- Born: 1978 Taza, Fez-Meknes, Morocco
- Known for: Painting

= Rachid Ben Ali =

Moroccan-Dutch painter (born 1978)

Rachid Ben Ali (born 1978 in Taza, Morocco) is a controversial Moroccan-Dutch painter.

At the age of 15 he was sent by his parents to the Netherlands. He is an autodidact. Later he attended the Polytechnic of the Arts in Antwerp, Belgium. He lives and works in Amsterdam and London.

In 2001 and 2003 he had shows in the Tanya Rumpff Gallery in Haarlem, the Stedelijk Museum in Amsterdam and the Wereldmuseum in Rotterdam.
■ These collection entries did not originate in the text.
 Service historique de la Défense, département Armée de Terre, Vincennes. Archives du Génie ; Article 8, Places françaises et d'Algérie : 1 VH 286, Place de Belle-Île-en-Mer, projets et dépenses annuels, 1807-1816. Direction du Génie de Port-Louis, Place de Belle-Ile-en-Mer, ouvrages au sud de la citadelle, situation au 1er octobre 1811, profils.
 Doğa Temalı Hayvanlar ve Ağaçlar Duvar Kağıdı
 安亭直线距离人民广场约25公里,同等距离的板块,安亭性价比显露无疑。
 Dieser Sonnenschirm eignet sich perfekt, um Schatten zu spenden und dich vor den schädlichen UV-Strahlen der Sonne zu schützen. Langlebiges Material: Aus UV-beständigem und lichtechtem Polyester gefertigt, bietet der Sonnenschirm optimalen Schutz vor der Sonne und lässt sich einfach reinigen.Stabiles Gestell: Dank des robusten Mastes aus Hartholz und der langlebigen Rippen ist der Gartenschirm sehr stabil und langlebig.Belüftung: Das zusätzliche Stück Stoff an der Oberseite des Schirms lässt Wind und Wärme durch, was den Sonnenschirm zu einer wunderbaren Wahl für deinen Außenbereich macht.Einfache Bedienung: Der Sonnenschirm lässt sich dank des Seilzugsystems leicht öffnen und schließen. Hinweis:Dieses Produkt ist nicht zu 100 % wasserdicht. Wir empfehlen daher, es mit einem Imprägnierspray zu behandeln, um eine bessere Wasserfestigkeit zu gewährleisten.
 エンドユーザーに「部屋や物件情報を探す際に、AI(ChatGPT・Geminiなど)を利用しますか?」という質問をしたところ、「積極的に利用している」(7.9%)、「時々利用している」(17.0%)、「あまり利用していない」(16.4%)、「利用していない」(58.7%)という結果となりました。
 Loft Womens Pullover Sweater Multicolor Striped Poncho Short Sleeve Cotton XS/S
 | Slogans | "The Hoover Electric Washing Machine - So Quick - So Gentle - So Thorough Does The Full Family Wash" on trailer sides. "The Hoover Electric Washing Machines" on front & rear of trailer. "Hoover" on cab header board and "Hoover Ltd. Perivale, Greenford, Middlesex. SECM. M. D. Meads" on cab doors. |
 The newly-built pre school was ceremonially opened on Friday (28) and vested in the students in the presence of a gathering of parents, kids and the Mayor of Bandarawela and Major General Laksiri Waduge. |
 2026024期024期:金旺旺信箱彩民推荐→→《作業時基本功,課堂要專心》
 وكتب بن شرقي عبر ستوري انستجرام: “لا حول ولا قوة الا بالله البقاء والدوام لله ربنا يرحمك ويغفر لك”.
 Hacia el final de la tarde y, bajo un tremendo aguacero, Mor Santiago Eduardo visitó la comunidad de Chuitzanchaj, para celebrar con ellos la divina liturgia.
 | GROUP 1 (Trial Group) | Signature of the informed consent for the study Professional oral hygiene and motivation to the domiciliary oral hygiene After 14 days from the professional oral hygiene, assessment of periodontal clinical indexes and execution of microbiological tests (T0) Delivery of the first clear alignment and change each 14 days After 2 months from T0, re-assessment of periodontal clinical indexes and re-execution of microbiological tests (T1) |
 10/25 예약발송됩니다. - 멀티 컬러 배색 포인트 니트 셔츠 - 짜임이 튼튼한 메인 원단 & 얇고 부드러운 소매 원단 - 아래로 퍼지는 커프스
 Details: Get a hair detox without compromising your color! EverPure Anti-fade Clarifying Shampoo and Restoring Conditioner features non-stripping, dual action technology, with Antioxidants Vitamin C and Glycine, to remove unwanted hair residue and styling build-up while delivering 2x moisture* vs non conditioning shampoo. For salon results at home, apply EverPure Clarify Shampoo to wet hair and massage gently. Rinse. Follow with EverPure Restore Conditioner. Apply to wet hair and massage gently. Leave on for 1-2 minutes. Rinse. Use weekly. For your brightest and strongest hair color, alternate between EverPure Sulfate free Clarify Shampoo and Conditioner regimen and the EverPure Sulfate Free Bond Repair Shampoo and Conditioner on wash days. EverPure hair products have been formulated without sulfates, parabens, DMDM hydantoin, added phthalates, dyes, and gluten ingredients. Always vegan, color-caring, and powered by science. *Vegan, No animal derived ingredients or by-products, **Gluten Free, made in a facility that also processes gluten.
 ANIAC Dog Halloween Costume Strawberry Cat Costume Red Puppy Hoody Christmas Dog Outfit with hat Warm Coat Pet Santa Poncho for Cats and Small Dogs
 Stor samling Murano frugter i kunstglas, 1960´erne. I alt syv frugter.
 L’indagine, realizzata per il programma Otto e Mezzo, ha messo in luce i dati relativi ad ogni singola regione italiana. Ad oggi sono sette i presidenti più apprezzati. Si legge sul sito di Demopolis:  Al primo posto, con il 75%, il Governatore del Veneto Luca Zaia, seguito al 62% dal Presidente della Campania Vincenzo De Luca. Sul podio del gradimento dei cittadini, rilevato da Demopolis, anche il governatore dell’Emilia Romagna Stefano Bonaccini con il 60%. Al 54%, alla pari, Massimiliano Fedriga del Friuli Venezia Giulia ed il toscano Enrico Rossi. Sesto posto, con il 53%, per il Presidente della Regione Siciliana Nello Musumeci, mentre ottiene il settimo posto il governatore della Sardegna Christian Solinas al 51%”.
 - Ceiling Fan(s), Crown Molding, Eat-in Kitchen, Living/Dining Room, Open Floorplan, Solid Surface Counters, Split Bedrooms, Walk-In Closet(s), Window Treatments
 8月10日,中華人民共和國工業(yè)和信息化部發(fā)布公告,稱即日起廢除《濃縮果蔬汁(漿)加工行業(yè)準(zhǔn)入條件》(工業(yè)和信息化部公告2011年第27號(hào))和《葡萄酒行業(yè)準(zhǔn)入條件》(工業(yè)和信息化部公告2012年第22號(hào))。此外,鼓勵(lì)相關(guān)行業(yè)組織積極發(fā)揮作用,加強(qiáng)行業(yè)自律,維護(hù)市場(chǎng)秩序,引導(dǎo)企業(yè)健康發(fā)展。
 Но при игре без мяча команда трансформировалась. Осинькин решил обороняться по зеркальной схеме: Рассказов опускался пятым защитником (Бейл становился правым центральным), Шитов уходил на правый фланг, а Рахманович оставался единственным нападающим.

Queen Beatrix chose one of his paintings to introduce an exposition in the Stedelijk Museum.

In 2003 he won the KunstRAI award for young artists, and in 2005 40 of his most recent paintings were shown at the Cobra Museum of Modern Art in Amstelveen, near Amsterdam.

His work has triggered anger and threats from Islamist militants in the Netherlands. He went into hiding after death threats related to an exhibit showing "hate-imams" spitting bombs. Since then, he has required bodyguards, the cost of which are paid for by the Cobra Museum.